A relational operation uses field references to access specific fields of the input stream. Field references are always ordinal based on the order of the incoming streams. Each relational operation must declare the order of its output data. To simplify things, each relational operation can be in one of two modes:

  1. Direct output: The order of outputs is based on the definition declared by the relational operation.
  2. Remap: A listed ordering of the direct outputs. This remapping can be also used to drop columns no longer used (such as a filter field or join keys after a join). Note that remapping/exclusion can only be done at the outputs root struct.
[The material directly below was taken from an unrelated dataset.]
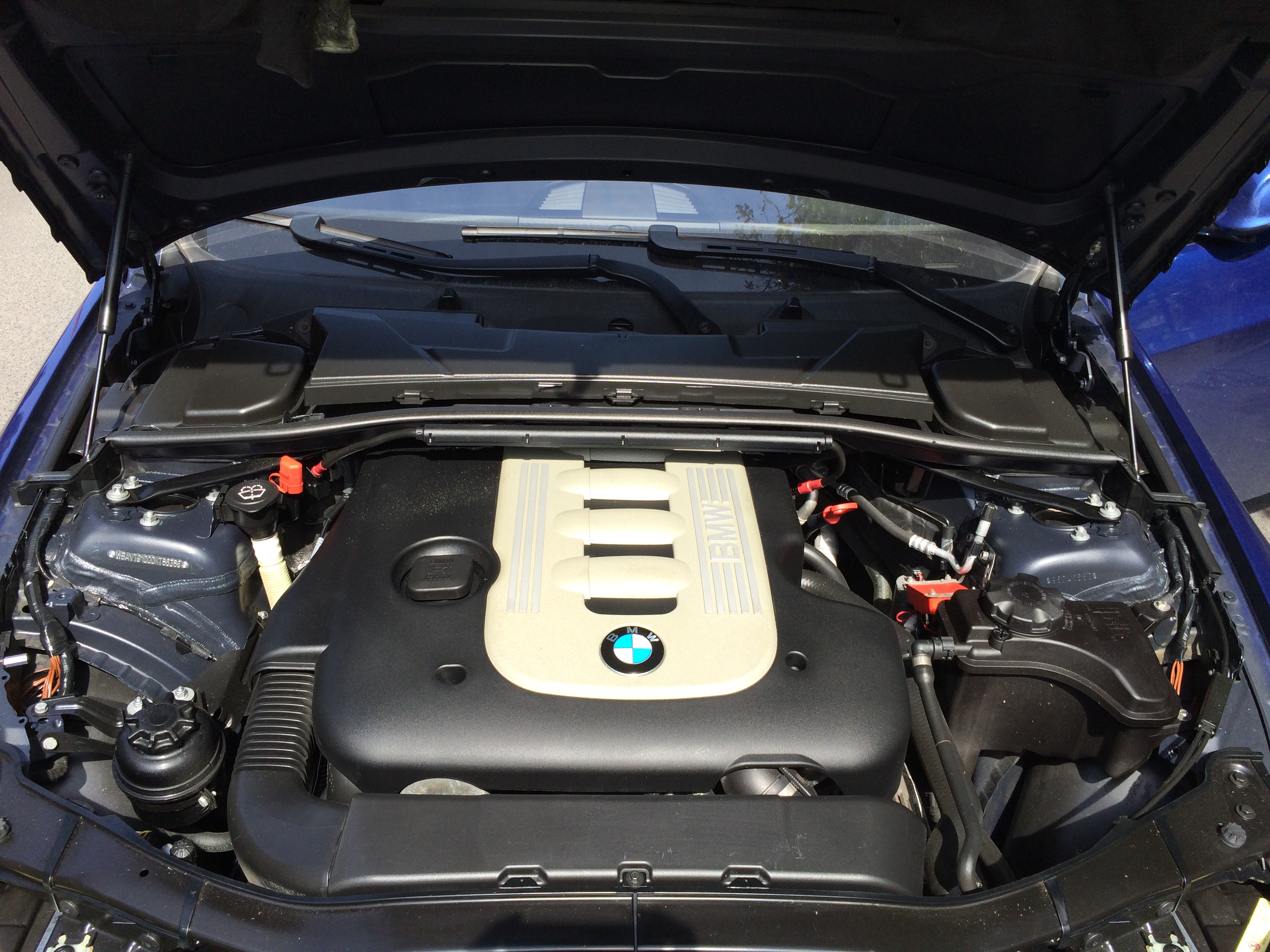 Čo sa týka jazdy oproti E46. To je úplne o inom, iné sedenie, iný volant, iná spojka a mnoho iného. človek si ale rýchlo zvykne. Radosť z jazdy ostala a môžem povedať že je ešte väčšia. Čo ma prekvapilo boli brzdy. Tie nakoľko majú zodraté kotúče (podľa servisu) brzdia neskutočne citlivo proti E46. Jedinú výhradu mám voči výkonu. Ale asi to je len môj pocit. V starom 330d (bol chip na 250k) keď som šliapol na pedál pri 2000 už ma zatláčalo do sedadla a pri 3 - 4 tis. ot. sa to auto bralo neskutočne dopredu. Tento motor má taký plynulý nábeh že si ten výkon človek ani neuvedomí. Ale asi to je len tým že má iný graf výkonu od otáčok.

Filtering of compound values or extracting subsets must be done through other operation types (e.g. projection).

Relation Properties

There are a number of predefined properties that exist in Substrait relations. These include the following.

Distribution

When data is partitioned across multiple sibling sets, distribution describes that set of properties that apply to any one partition. This is based on a set of distribution expression properties. A distribution is declared as a set of one or more fields and a distribution type across all fields.
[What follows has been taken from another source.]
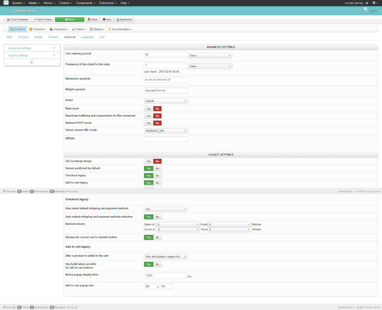 Can you provide some screenshot of your ADVANCED SETTINGS and LEGACY SETTINGS option, in Advanced tab (in your HikaShop Configuration).

Property Description Required
Distribution Fields List of fields references that describe distribution (e.g. [0,2:4,5:0:0]). The order of these references do not impact results. Required for partitioned distribution type. Disallowed for singleton distribution type.
Distribution Type PARTITIONED: For a discrete tuple of values for the declared distribution fields, all records with that tuple are located in the same partition. SINGLETON: there will only be a single partition for this operation. Required

Orderedness

A guarantee that data output from this operation is provided with a sort order. The sort order will be declared based on a set of sort field definitions based on the emitted output of this operation.
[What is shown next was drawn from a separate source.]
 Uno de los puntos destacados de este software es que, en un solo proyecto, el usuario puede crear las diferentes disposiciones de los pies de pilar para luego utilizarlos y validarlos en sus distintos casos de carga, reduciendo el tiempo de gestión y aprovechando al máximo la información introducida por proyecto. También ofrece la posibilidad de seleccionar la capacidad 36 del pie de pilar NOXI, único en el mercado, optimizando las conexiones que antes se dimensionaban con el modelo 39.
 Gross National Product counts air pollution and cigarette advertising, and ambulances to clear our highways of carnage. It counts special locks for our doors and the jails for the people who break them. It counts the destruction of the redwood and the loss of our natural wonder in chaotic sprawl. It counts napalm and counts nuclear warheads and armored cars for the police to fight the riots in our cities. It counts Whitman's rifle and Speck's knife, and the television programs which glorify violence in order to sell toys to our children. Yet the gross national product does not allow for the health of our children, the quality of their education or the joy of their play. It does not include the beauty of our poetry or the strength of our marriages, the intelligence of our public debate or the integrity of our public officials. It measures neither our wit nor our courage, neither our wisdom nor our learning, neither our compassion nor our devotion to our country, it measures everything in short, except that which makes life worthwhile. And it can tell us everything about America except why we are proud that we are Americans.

Property Description Required
Sort Fields A list of fields that the data are ordered by. The list is in order of the sort. If we sort by [0,1] then this means we only consider the data for field 1 to be ordered within each discrete value of field 0. At least one required.
Per - Sort Field A field reference that the data is sorted by. Required
Per - Sort Direction The direction of the data. See direction options below. Required

Ordering Directions

Direction Descriptions Nulls Position
Ascending Returns data in ascending order based on the quality function associated with the type. Nulls are included before any values. First
Descending Returns data in descending order based on the quality function associated with the type. Nulls are included before any values. First
Ascending Returns data in ascending order based on the quality function associated with the type. Nulls are included after any values. Last
Descending Returns data in descending order based on the quality function associated with the type. Nulls are included after any values. Last
Custom function identifier Returns data using a custom function that returns -1, 0, or 1 depending on the order of the data. Per Function
Clustered Ensures that all equal values are coalesced (but no ordering between values is defined). E.g. for values 1,2,3,1,2,3, output could be any of the following: 1,1,2,2,3,3 or 1,1,3,3,2,2 or 2,2,1,1,3,3 or 2,2,3,3,1,1 or 3,3,1,1,2,2 or 3,3,2,2,1,1. N/A, may appear anywhere but will be coalesced.
Discussion Points
  • Should read definition types be more extensible in the same way that function signatures are? Are extensible read definition types necessary if we have custom relational operators?
  • How are decomposed reads expressed? For example, the Iceberg type above is for early logical planning. Once we do some operations, it may produce a list of Iceberg file reads. This is likely a secondary type of object.